Task objective: Repeat exactly, and only, the lines of the entries below from the one with "8,0 m opbevaringsreol" through the one with "The trail steepens, and", both ends included.

Data provided:
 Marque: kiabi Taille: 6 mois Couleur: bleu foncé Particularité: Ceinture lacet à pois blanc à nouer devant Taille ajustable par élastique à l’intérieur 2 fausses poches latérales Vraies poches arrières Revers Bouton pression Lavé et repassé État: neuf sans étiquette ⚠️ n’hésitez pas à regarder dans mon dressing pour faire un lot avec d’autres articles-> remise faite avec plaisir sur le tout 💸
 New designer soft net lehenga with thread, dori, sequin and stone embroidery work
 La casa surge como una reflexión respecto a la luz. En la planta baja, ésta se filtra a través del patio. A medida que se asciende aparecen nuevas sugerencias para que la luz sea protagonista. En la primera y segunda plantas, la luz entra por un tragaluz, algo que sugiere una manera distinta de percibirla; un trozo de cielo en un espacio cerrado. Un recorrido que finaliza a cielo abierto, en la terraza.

---

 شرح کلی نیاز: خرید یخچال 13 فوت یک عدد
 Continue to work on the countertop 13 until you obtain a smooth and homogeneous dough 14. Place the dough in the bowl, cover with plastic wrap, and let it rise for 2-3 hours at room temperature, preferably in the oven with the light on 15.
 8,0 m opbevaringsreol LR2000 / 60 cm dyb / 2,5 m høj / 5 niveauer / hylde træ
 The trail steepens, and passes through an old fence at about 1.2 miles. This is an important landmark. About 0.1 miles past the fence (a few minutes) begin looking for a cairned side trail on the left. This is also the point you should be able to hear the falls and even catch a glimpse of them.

--

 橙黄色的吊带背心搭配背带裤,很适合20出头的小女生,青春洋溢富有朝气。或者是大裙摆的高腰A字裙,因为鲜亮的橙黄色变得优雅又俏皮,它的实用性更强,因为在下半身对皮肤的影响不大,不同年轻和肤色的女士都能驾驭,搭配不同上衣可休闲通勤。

Answer for the task:
 8,0 m opbevaringsreol LR2000 / 60 cm dyb / 2,5 m høj / 5 niveauer / hylde træ
 The trail steepens, and passes through an old fence at about 1.2 miles. This is an important landmark. About 0.1 miles past the fence (a few minutes) begin looking for a cairned side trail on the left. This is also the point you should be able to hear the falls and even catch a glimpse of them.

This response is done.